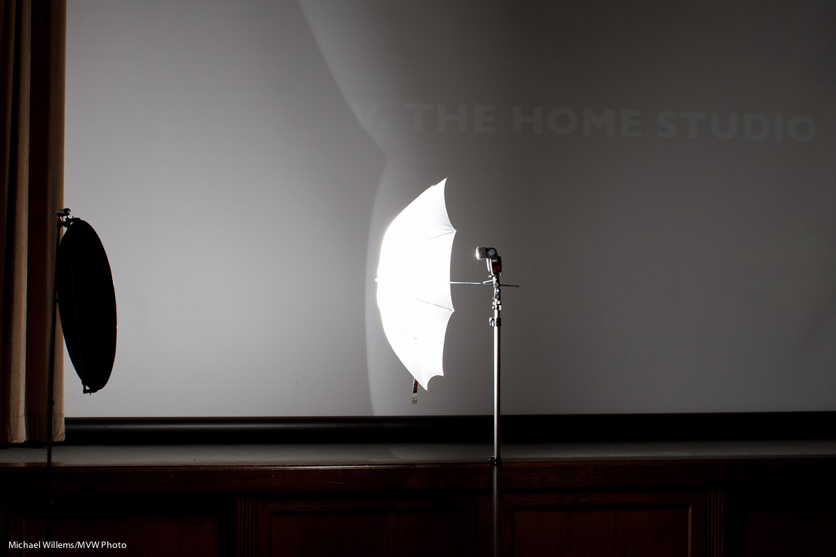 As an option, another flash with a small stand to light up backgrounds, but this is not a must have. You can just move the umbrella and subject closer to the wall if you want the wall to be lighter.
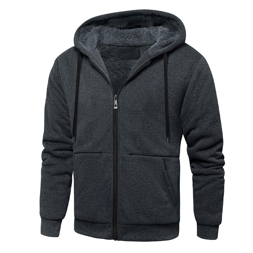 Wholesale Custom Men's Solid Knitted Thermal Full Zip Winter Pullover Hoodie 100% Cotton Thick Faux Fur Fleece Lining Warm
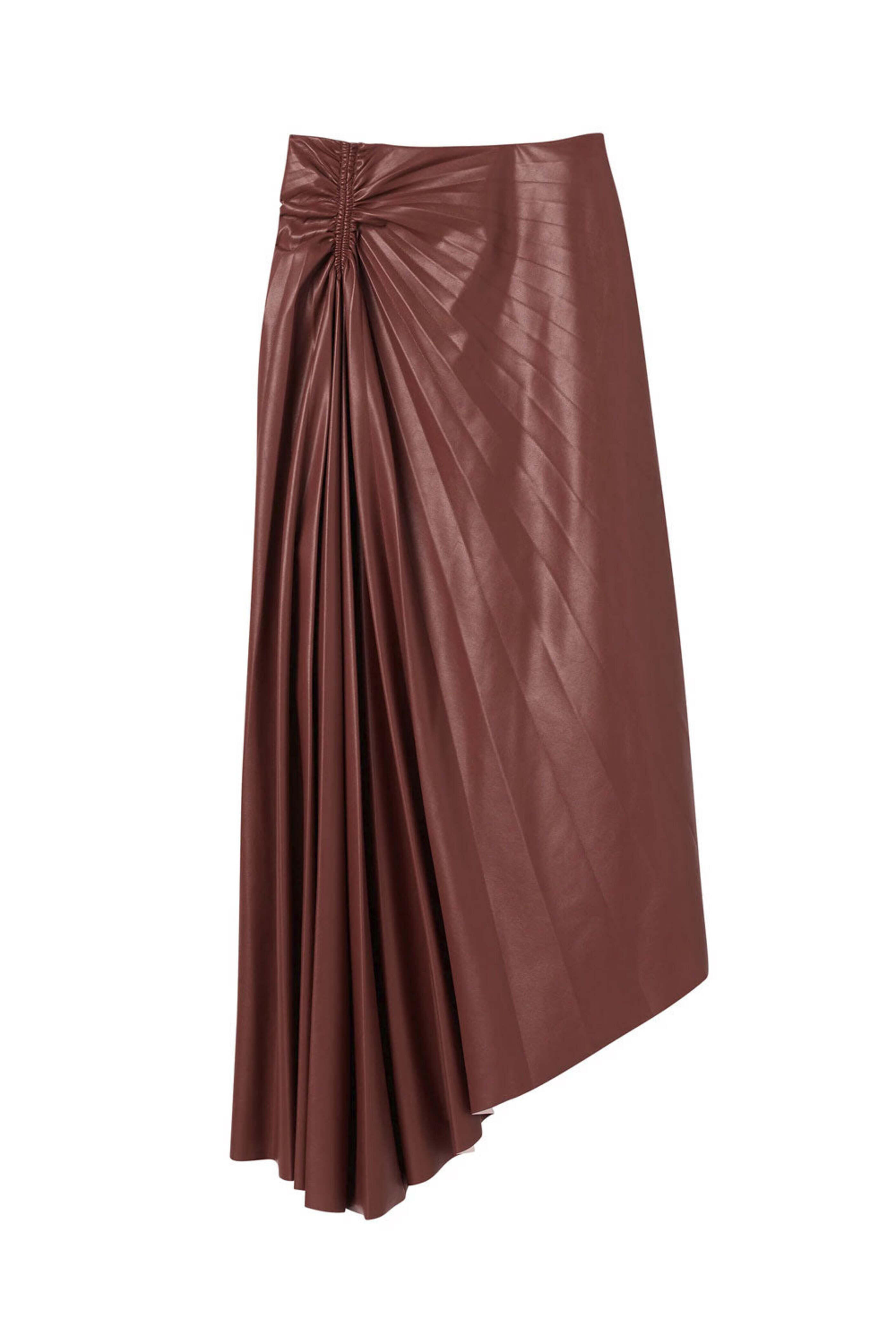 A.L.C. Caffe Tracy Vegan Leather Skirt. Mid rise. Concealed side zip closure. Side ruching detail. Midi to maxi length; asymmetric hem. A line silhouette. Slim fit. Vegan leather fabrication. 95% Viscose, 5% Elastane.
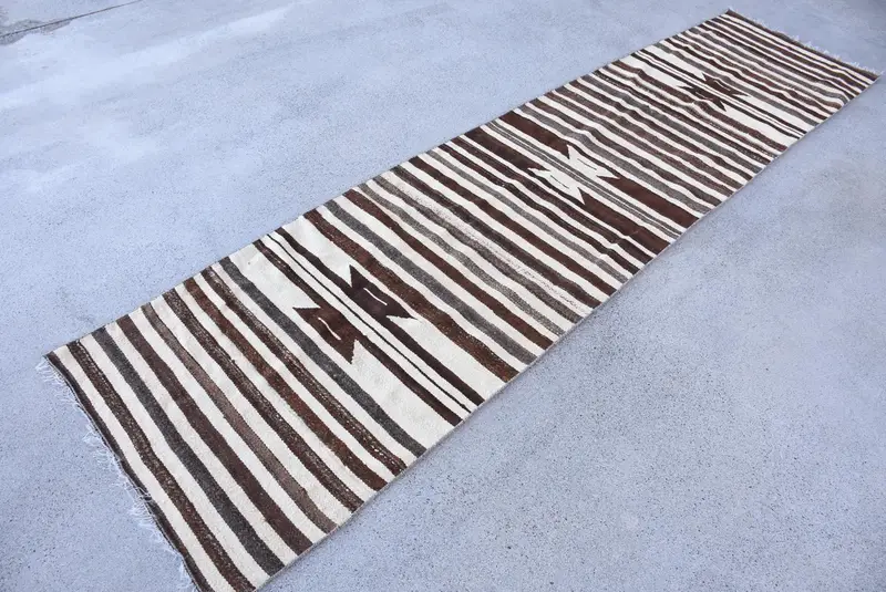 Vintage Turkish Rug, 2.5x10.3 ft Kilim Rug, Brown Runner Plants & trees Rug
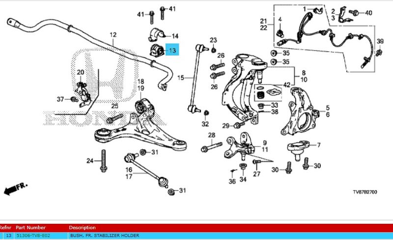 Genuine Honda Civic Type-R FK2 Front Anti Roll Bar Bushes (x2) 2015-2016 (51306TV8E02)
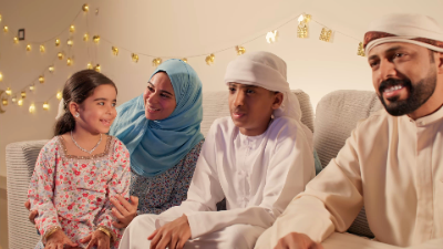 An Emirati family gathers on the couch, watching TV together and sharing laughter, making the most of their time in Ramadan.
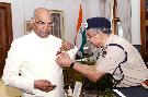 Dr. G.C. Misra, Director with others from Delhi Fire Service pinning the Fire Service Flag on the President of India, Shri Ram Nath Kovind, on the occasion of Fire Service Week, at Rashtrapati Bhavan on April 16, 2018.
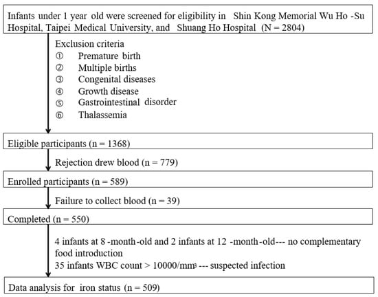 A total of 1368 infants were eligible for this study. However, 779 mothers did not provide consent to extract their infants’ blood, and therefore, the 589 subjects were ultimately enrolled in this study. However, blood draws were unsuccessful in 39 infants. Thus, a total of 550 cases were included for data analysis. Because no introduction of complementary food to infants over six months of age was considered as abnormal feeding, four infants aged eight months and two aged 12 months were excluded accordingly. In addition, 35 infants with a WBC count of >0.000/mm3, suspected of infection, were excluded. Data on the iron status analysis of 509 infants are presented in Figure 1.
--------------------------------
◆ Exercise
Pictures stay out; everything else in the listing above is to be repeated exactly.

◆ Result for this exercise
 As an option, another flash with a small stand to light up backgrounds, but this is not a must have. You can just move the umbrella and subject closer to the wall if you want the wall to be lighter.
 Wholesale Custom Men's Solid Knitted Thermal Full Zip Winter Pullover Hoodie 100% Cotton Thick Faux Fur Fleece Lining Warm
 A.L.C. Caffe Tracy Vegan Leather Skirt. Mid rise. Concealed side zip closure. Side ruching detail. Midi to maxi length; asymmetric hem. A line silhouette. Slim fit. Vegan leather fabrication. 95% Viscose, 5% Elastane.
 Vintage Turkish Rug, 2.5x10.3 ft Kilim Rug, Brown Runner Plants & trees Rug
 Genuine Honda Civic Type-R FK2 Front Anti Roll Bar Bushes (x2) 2015-2016 (51306TV8E02)
 An Emirati family gathers on the couch, watching TV together and sharing laughter, making the most of their time in Ramadan.
 Dr. G.C. Misra, Director with others from Delhi Fire Service pinning the Fire Service Flag on the President of India, Shri Ram Nath Kovind, on the occasion of Fire Service Week, at Rashtrapati Bhavan on April 16, 2018.
 A total of 1368 infants were eligible for this study. However, 779 mothers did not provide consent to extract their infants’ blood, and therefore, the 589 subjects were ultimately enrolled in this study. However, blood draws were unsuccessful in 39 infants. Thus, a total of 550 cases were included for data analysis. Because no introduction of complementary food to infants over six months of age was considered as abnormal feeding, four infants aged eight months and two aged 12 months were excluded accordingly. In addition, 35 infants with a WBC count of >0.000/mm3, suspected of infection, were excluded. Data on the iron status analysis of 509 infants are presented in Figure 1.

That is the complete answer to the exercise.